3. Big(O) Run-time Analysis

• The binary search takes O(log(max(piles))) iterations. max(piles) is the largest pile size, which determines the search space for k. In each iteration, we calculate the time taken to eat all bananas, which takes O(n) time, where n is the number of piles.
• Therefore, the overall time complexity is O(n * log(max(piles))).

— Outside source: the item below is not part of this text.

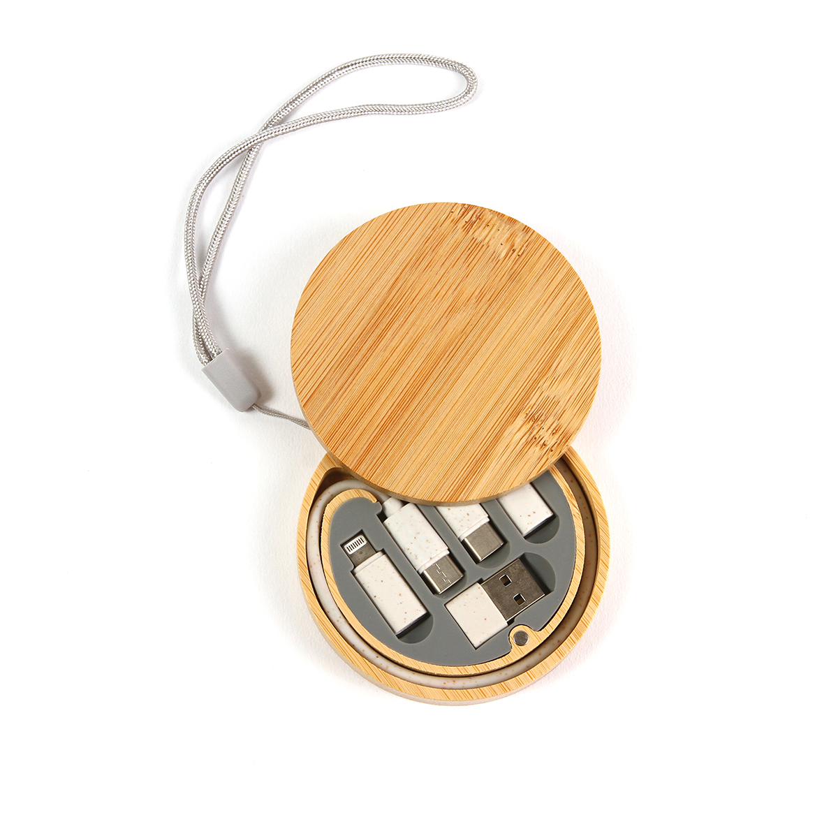 Set de cables Tartu. - Set ecológico de cables para conexión adaptadores para diferentes entradas (Tipo-C, USB y Lightning), cuentan con cubierta de fibra de trigo. Incluye estuche fabricado en madera de bambú con correa.
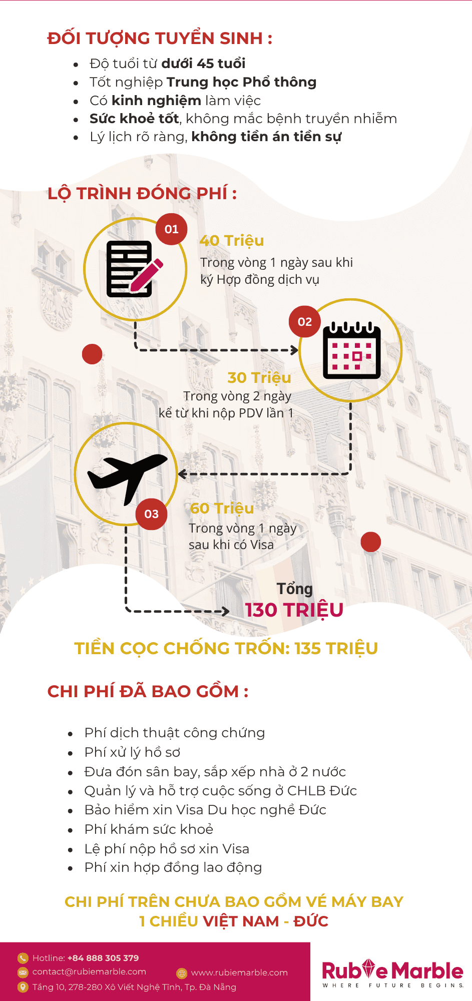 Chương trình ngắn hạn 8 tháng với thu nhập ~2.300 Euro/tháng, không yêu cầu tiếng Đức đầu vào. Bay nhanh chỉ sau 3–4 tháng, phù hợp người có kinh nghiệm và sức khỏe tốt.

4. Big(O) Space Usage Analysis

• The space complexity is O(1) because we are only using a few variables to store the left, right, and middle values during the binary search. We are not using any extra data structures that scale with the input size.

5. Edge Cases

• Empty Input: If the piles array is empty, the function should return 0 or handle the case gracefully by returning an appropriate default value or raising an exception.
• Single Pile: If there is only one pile, the minimum eating speed would be (pile + h - 1) // h.
• h equals the number of piles: In this case, Koko has exactly one hour per pile, so the minimum eating speed is the size of the largest pile.
• h is less than the number of piles: This is an invalid input according to the constraints (piles.length <= h), so the function doesn't need to handle it.
• Large Pile Sizes: The pile sizes can be up to 10⁹. The code should handle this without integer overflow issues. The calculations of hours within the loop is done correctly to avoid overflows.
• h is very large: If h is extremely large compared to the number of piles, the binary search will still correctly converge to the smallest possible eating speed (1).

These edge cases are handled correctly by the provided code.